One of the most persistent and least understood contributors to drug shortages is pricing pressure in the generic drug market. Many essential drugs are subject to years of price erosion driven by intense competition, purchasing dynamics and reimbursement structures that prioritize the lowest possible cost. It’s become a race to the bottom, which leaves manufacturers operating on razor-thin margins. It’s not uncommon for those poor margins to lead a manufacturer to the realization that sustaining production becomes economically unviable. 

When margins are compressed, manufacturers may delay equipment upgrades, defer expansion plans, or exit the market altogether. This increases vulnerability to supply disruption. 

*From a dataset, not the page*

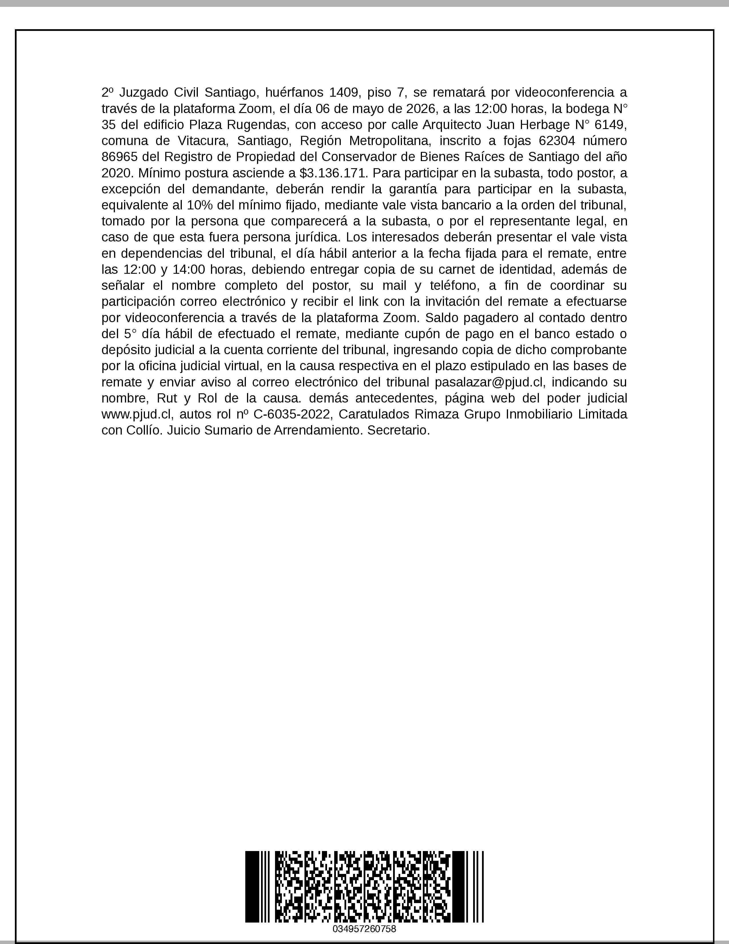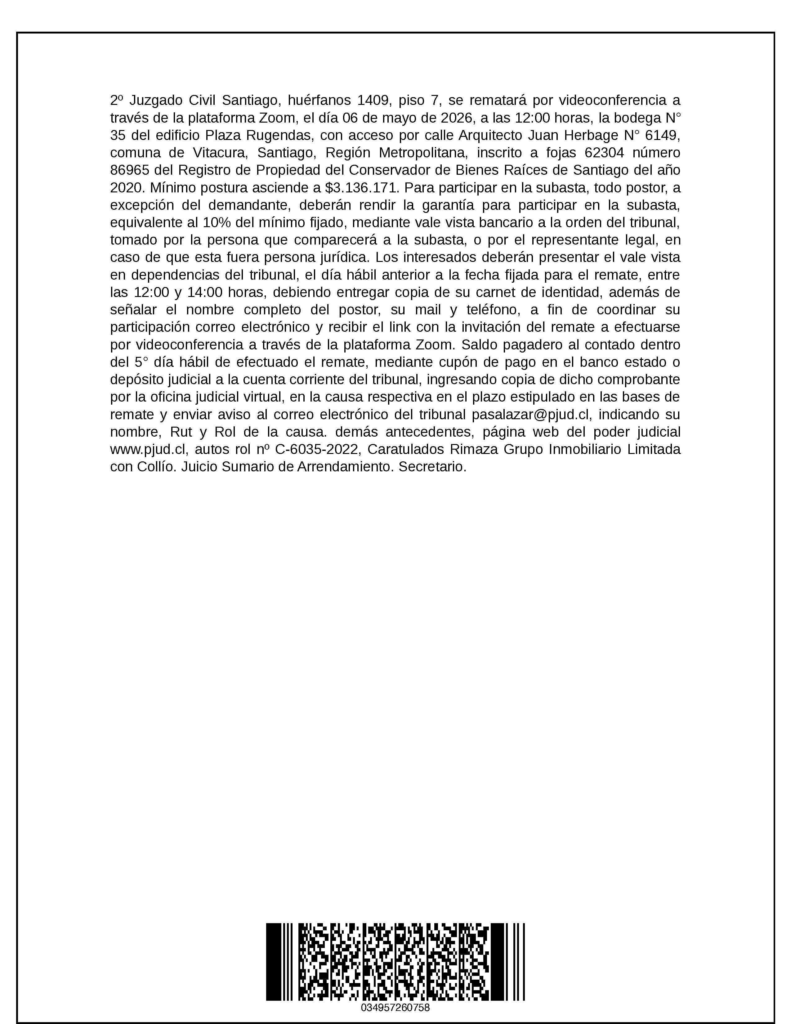AVISO LICITACIONES: REMATE 09-04-2026 El Mostrador - Avisos Legales |

This economic reality helps explain why so many shortages occur in older, clinically essential drugs rather than in newer, branded treatments. When a product generates limited financial return, there is little incentive to invest in modern manufacturing technologies, build backup capacity, or onshore production. As a result, the supply of these drugs becomes increasingly fragile, dependent on a small number of producers with limited ability to absorb shocks. 

A CDMO’s Role 

Contract development and manufacturing organizations (CDMOs) like Ritedose play an increasingly important role in this landscape.  

Beyond providing additional capacity, experienced sterile CDMOs can serve as strategic partners in maintaining supply continuity. They can help transfer legacy products into more modern, reliable manufacturing platforms, establish secondary production sites and apply advanced technologies that improve consistency and reduce risk.  

In a market where some manufacturers may step away from lower-margin products, these partnerships can help ensure that medically necessary drugs remain available to the patients who depend on them. 

Addressing Shortages 

Preventing drug shortages is a great challenge. It requires sustained investment in facilities, technology and people. It requires a culture that prioritizes quality and reliability as much as speed and efficiency. And it requires an understanding that for many therapies, especially sterile generics, dependability is itself a form of innovation.  

Reliable access to essential drugs is at the core of a strong healthcare system. By combining advanced manufacturing approaches, strong quality systems and a long-term commitment to domestic sterile capacity, the industry can take meaningful steps toward a more resilient supply of critical formulations. This is something that our industry owes to the patients who rely on our products. They need to know that their treatments will be there when they’re needed the most.